Singing her way into the semifinals at the end of February, Zorrilla, who is originally from Colombia, impressed the country for more than a month with a number of performances including Sara Bareilles’ “Love Song” and The Beatles’ “Something in the Way.”
Her “American Idol” journey, unfortunately, came to an end on Mar. 3 when viewers did not vote her in as one of the 13 finalists. The night before, judges Jennifer Lopez, Randy Jackson, and Steven Tyler were not overly enthusiastic after hearing her sing Kelly Clarkson’s single “Breakaway.”
The day after being eliminated from the show, Zorrilla took some time to talk with me about her early departure and why a reality show like “American Idol” really wasn’t the best platform to show off her talent.
What was going on in your mind when you were center stage and Ryan Seacrest announced you were not one of the finalists?
Honestly, I was just very happy for all my peers who made it through. They are all incredibly talented people who have worked hard to get to where they are. I was also happy for myself because being in the top 24 was still an incredible thing.
Other than knowing you can compete with some of the best singers in the country, what else did you learn about yourself though all this?
I actually shocked myself at how calm I was and how well I handled the news, especially backstage. Everyone who didn’t make it to the finals was falling apart. I was just trying to cheer everyone up. I was happy that I wasn’t in tears. I actually haven’t cried at all.
Because you’re not only a singer, but a musician, too, do you think “American Idol” was the best platform to show your musical talent?
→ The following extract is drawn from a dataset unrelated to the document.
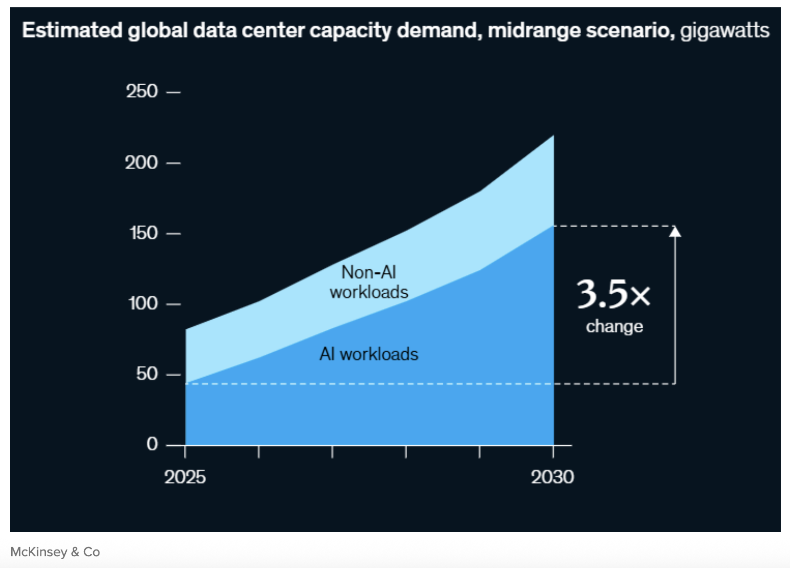 The stratospheric rise in forecast AI workloads could drive about 70 per cent of new electricity demand, McKinsey found, with the estimated global data centre capacity demand in its “mid-range” scenario expected to rise 3.5-fold to close to 250 gigawatts by 2030. In the US, this means the sector would account for almost 12 per cent of total national energy demand, up from just over five per cent today.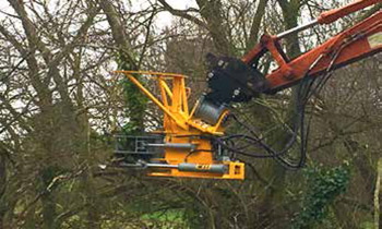 If the tree shear is often used to cut branches, a tilt function is useful. The tilt function allows the shear to be positioned perpendicular to the branch. This results in a clean cut. The tilting mechanism is placed between the shear and the excavator connection. The tilting mechanism can swivel 100°, of which 50° is to the left and 50° to the right. The tilting mechanism, in combination with the bucket cylinder, means almost any branch can be cut cleanly.

I think the special thing that I have is the singer/songwriter approach I take to my music. I love my music and playing [instruments]. That is who I am. I don’t necessarily know if that is right for a show like “American Idol” because it’s about performing on stage without instruments. I thought I had what it would take, but my skill set is different than what everyone else was doing on the show.
How did you think the judges came across this year without Simon Cowell?
I thought they had a great chemistry. I loved having them there. Jennifer Lopez and Steven Tyler are huge icons in the industry. It was amazing to get feedback from them. I thought there were harsh on me and my “Breakaway” performance. What I really wanted to do was get onstage with a guitar and sing that song. I wasn’t allowed to do that for that round. I would’ve been able to make it my own that way.
So, did you feel like you were limited by the producers to perform the way you would’ve liked to?
I mean, at the end of the day you have to take responsibility for yourself. One of the hardest things about “Idol” is that people are giving you advice all of the time. But at the end of the day, you’re the artist. When you walk on that stage, you are the one that has ultimately made the decision. Unfortunately, the only decision I couldn’t make was being able to sing and play [the guitar] at the same time. I was the only girl in the top 24 who played an instrument. I don’t really feel like I got the opportunity to shine at what I actually do best.
How do you think “American Idol” is going to help your career?
I think this was the start of my career. I’ve gotten the chance to show people what I can do. You can’t put a price on what “Idol” has done for me. This has opened so many doors. Now, all I have to do is keep working and take advantage of the opportunities that are coming my way. I can feel it. It’s only the beginning.